Les frais d'avocats qui s'additionnent, les relations tendues entre des copropriétaires, la «mauvaise publicité» faite au Verre-Bourg sont d'autres facteurs qui militent pour une sortie de crise. «Quand tu apprends qu'il y a plus ou moins 100 000 $ de frais par les copropriétaires et que lui[M. Delarosbil] serait rendu à plus ou moins 35 000 $,40 000 $. T'ajoutes ça et tu dis : ayoye», a dit M. Bertrand.

Arrêt des procédures

L'avenue envisagée est un arrêt des procédures intentées en Cour supérieure par le syndicat de copropriétés pour forcer M. Delarosbil à se départir de son chien d'assistance. «De deux choses l'une : soit on laisse la situation se détériorer sur le plan humain, monétaire, ou on trouve une solution qu'on considère intelligente à ce problème tout de suite. Évidemment, ça s'en va vers un arrêt des procédures s'il y a une entente», a-t-il dit.

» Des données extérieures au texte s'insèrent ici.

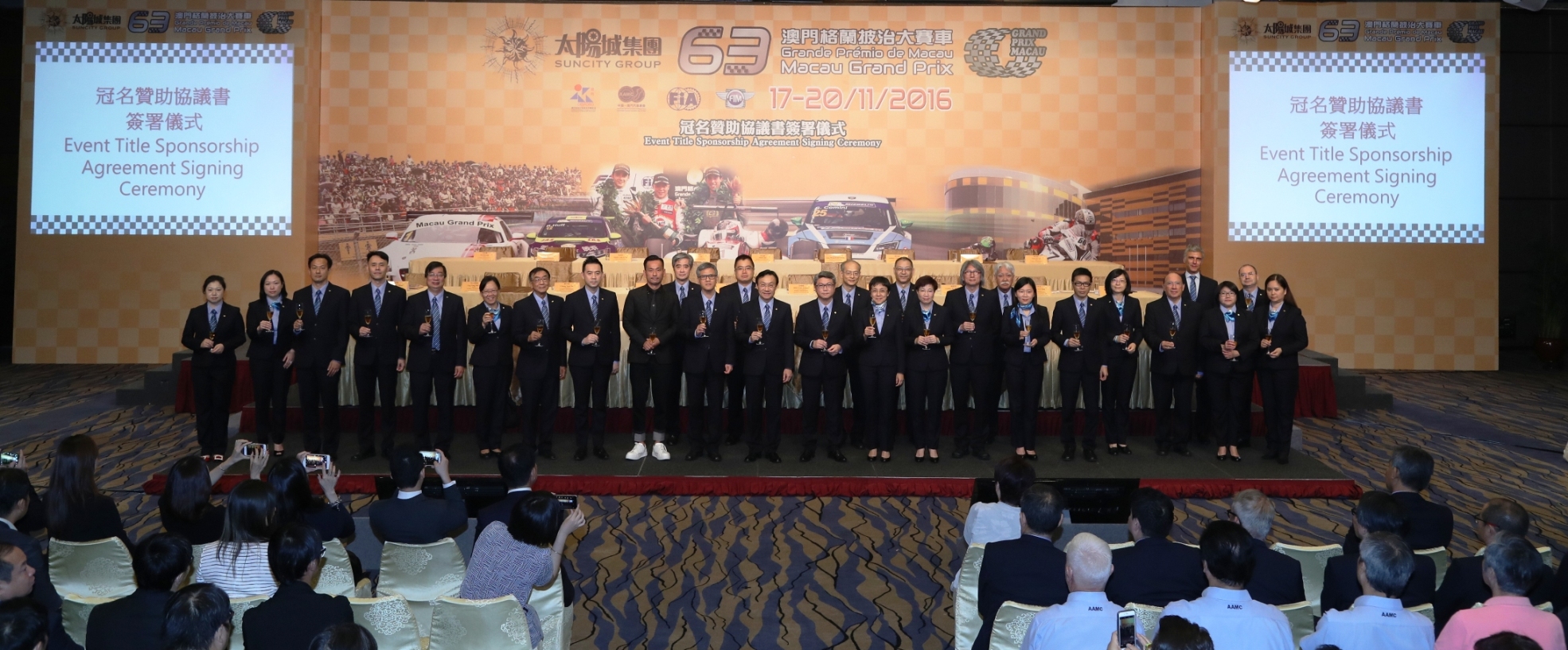 Durante a cerimónia, Sr. Pun Weng Kun, Presidente do Instituto do Desporto do Governo da RAEM e Sr. Alvin Chau, Director Executivo e Presidente do Suncity Grupo, marcou a assinatura do acordo do Título de Patrocínio com a apresentação do cheque gigante. O evento deste ano é oficialmente designado por Suncity Grupo 63º Grande Prémio de Macau.

Si on accepte le chien d'assistance de M. Delarosbil, il ne sera pas question pour autant de lever l'interdit d'avoir un animal de compagnie dans l'immeuble de condos de Sainte-Foy. Cette position rejoint en quelque sorte celle avancée par la Commission des droits de la personne. La Commission avait proposé également le versement d'une indemnité à M. Delarosbil pour ses frais d'avocats.

«Ce qui revient le plus souvent chez les copropriétaires qui ont été consultés, c'est qu'ils veulent garder la clause qui interdit les chiens pour toutes sortes de raisons comme les allergies, la peur des chiens. Mais sur le plan humain, on n'accepte pas que s'il arrive quelque chose, qu'on se fasse dire de s'en aller ailleurs», a souligné M. Bertrand.

Il réfute l'argument voulant que l'acceptation du chien d'assistance de M. Delarosbil ouvrira la porte à tous les chiens de compagnie dans l'immeuble. «Certaines personnes font circuler qu'on va se ramasser avec 40 chiens. C'est faux. On ne se ramassera pas avec 40 chiens parce qu'on parle uniquement des gens qui vivent à l'intérieur et qui sont handicapés», a-t-il soutenu.

L'ex-homme politique souhaite que le conseil d'administration épousera la position majoritaire des copropriétaires. «À l'époque, les administrateurs nous disaient qu'ils pouvaient être poursuivis s'ils n'agissaient pas ainsi pour faire respecter la déclaration de copropriété. On est plusieurs qui pensent que la majorité devrait être capable de faire une proposition précise pour permettre au conseil d'administration de bouger autrement», a-t-il conclu.